• **Requirement**
Write out only the lines from the start of the entries up to and including the line with "蚯蚓成本极低(每亩3000元),处理粪便还可获环保补贴,亩产值可达3-4万元。"; please skip the pictures.

Extracted entries Block Start

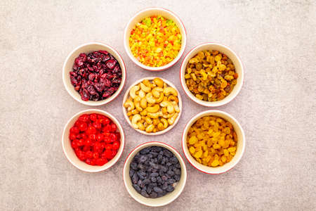 Dried and candied fruit and cashew nuts. Assorted in ceramic bowls on a stone background. Healthy vegetarian (vegan) food concept, top view
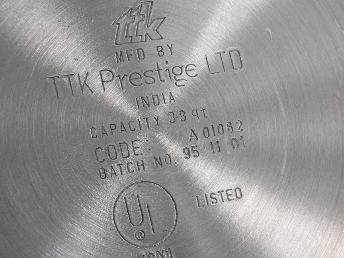 TTK Prestige LTD. Manttra 3.8 Qt. & 6.5 Qt. Pressure Cooker With Lid NO JIGGLER
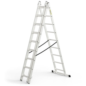 Víceúčelový hliníkový žebřík se stabilizátorem, 3x9 příček, max. pracovní výška 5,47 m, nosnost 150 kg. Certifikace TÜV Rheinland, EN 131 pro domácí použití.
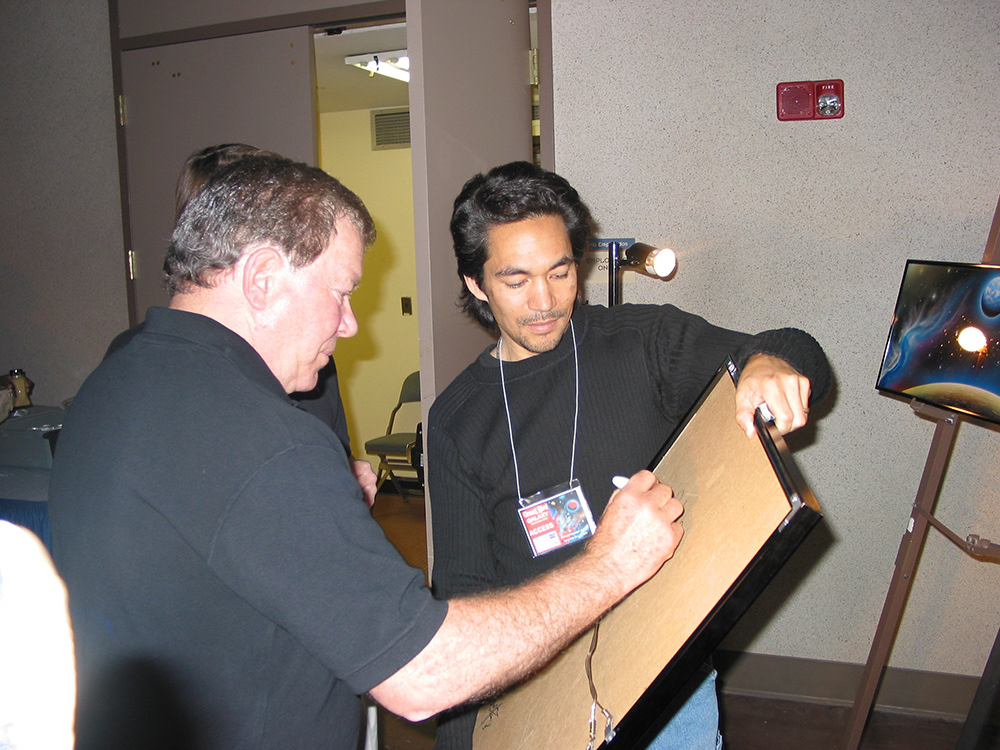 WILLIAM SHATNER SIGNING MICHAEL'S ORIGINAL PAINTING - THE GREAT BIRD OF THE GALAXY
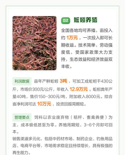 蚯蚓成本极低(每亩3000元),处理粪便还可获环保补贴,亩产值可达3-4万元。
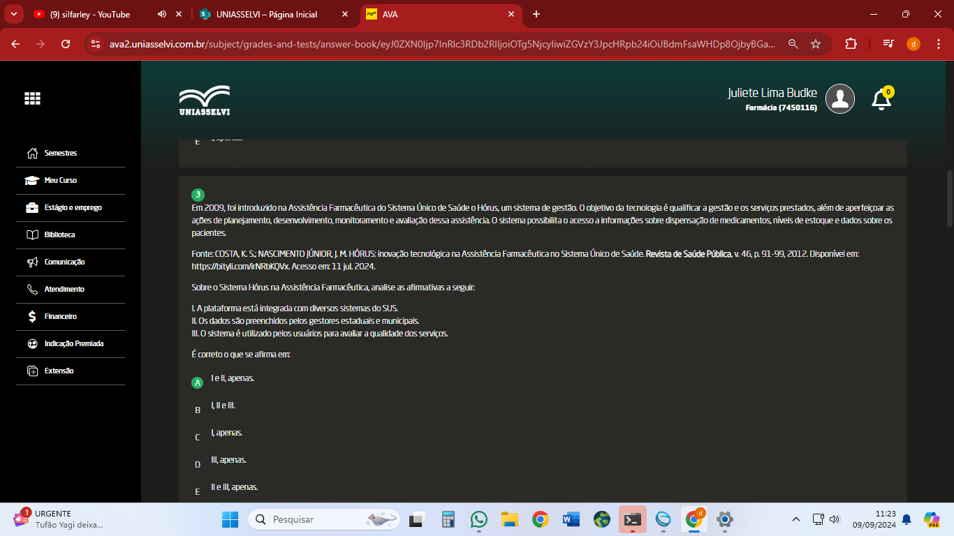 <p>(9) silfarley YouTube UNIASSELVI Página Inicial AVA + X C Juliete Lima Budke 1 UNIASSELVI Farmácia (7450116) Semestres Meu Curso 3 emprego Em 2009, foi introduzido na Assistência Farmacêutica do Sistema de Saúde um sistema de gestão. objetivo da tecnologia é qualificar a gestão e OS serviços prestados, além de as ações de planejamento, desenvolvimento, monitoramento e avaliação dessa assistência sistema possibilita acesso a informações sobre dispensação de medicamentos níveis de estoque e dados sobre OS Bibiloteca pacientes. Fonte: COSTA K NASCIMENTO I M inovação tecnológica na Assistência Farmacêutica no Sistema Único de Saúde Revista de Saúde 46 2012. Disponível em: Comunicação Acesso 11 jul. 2024. Atendimento Sobre Sistema na Assistência analise as afirmativas a A plataforma está integrada com diversos sistemas do SUS. $ Financeiro Os dados são preenchidos pelos gestores estaduais e municipais III. sistema é utilizado pelos usuários para avaliar a qualidade dos I Indicação É correto que se afirma em + Extensão le II, III. L apenas. D III, apenas. E III URGENTE 11:23 Pesquisar ^ Tufão Yagi deixa.. 09/09/2024</p>

Extracted entries Block End

• **Task response**
 Dried and candied fruit and cashew nuts. Assorted in ceramic bowls on a stone background. Healthy vegetarian (vegan) food concept, top view
 TTK Prestige LTD. Manttra 3.8 Qt. & 6.5 Qt. Pressure Cooker With Lid NO JIGGLER
 Víceúčelový hliníkový žebřík se stabilizátorem, 3x9 příček, max. pracovní výška 5,47 m, nosnost 150 kg. Certifikace TÜV Rheinland, EN 131 pro domácí použití.
 WILLIAM SHATNER SIGNING MICHAEL'S ORIGINAL PAINTING - THE GREAT BIRD OF THE GALAXY
 蚯蚓成本极低(每亩3000元),处理粪便还可获环保补贴,亩产值可达3-4万元。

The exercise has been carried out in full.